Area =(( (2^2)(R^2) )/ 2) + ...next polygons...

The base of the triangle sitting on top of the triangle that is part of the big square is just half of the old hypotenuse we just found a second ago....R times the square root of 2.

So side B for this triangle is R times the square root of 2 all divided by 2.

We'll refer to that as B.

The other leg of this new triangle, leg A, is at present unstated. Notice, however, that there is another right triangle that has half the area in the original 45-45-90 triangle. It is kinda flipped with it's hypotenuse as the radius of the circle. Well, we already know that it's hypotenuse is R, and one of it's sides is just half of the 45-45-90's hypotenuse...this is side B of the new triangle, too. Now we can find the other leg (actually it is obvious in this special case....but a couple polygons down the line, it would not have been so obvious because everything becomes a radical mess!). The other leg is the square root of all of R squared minus B squared. Now, this is the missing leg of that triangle, but as for the smallest leg of the new triangle--the one whose hypotenuse and side A are unknown--we can say that R minus the square root of all of R squared minus B squared is that side length....side A for the new triangle (the one piggy-backing on the 45-45-90).
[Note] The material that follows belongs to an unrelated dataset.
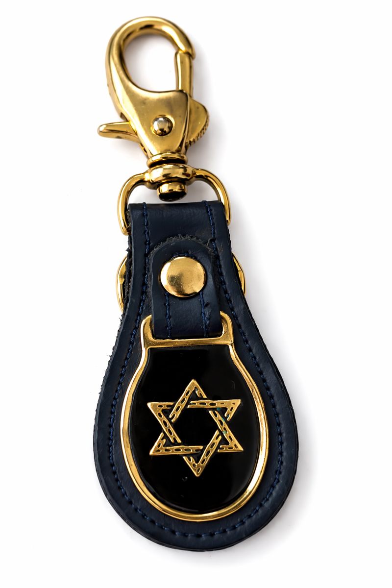 Chaveiro elegante e funcional, confeccionado em couro sintético de alta qualidade, com acabamento refinado e detalhes metálicos dourados. O destaque do design é a Estrela de David em relevo na parte frontal, símbolo tradicional do judaísmo que representa proteção, fé, identidade e conexão espiritual.

With this knowledge, we can find the hypotenuse of that triangle, and simply multiply A and B and divide by 2 to get the area of the triangle. Multiply by the next power of two (with respect to whatever polygon that hypotenuse is a part of) and you've an area that is even closer to that of a circle...

Area ==( (2)(R^2) ) + ( (2)(R^2)(-1+sqrt(2)) + ...next polygons...

You can repeat this method to get closer and closer to the area of a circle, and if you assume R is one, closer and closer to a hand estimation of the elusive Pi constant.

Hope this helped!

##### Share on other sites
2pi = 3.142 x 2 thus the 1st bit is 6.284

whats the Radius? lets assume its 9cms so whats 9 Squared? thats 81

81 x 6.284 = 509 cms

Hmmm... I think I just worked out a Sphere?

nevermind' date=' I said my maths was crap! [/quote']

You appear to have magically input a '2' into the equation. A = pi r^2, not 2 pi r ^2.

The volume of a sphere is 4/3 pi r^3, the surface area is 4 pi r ^2.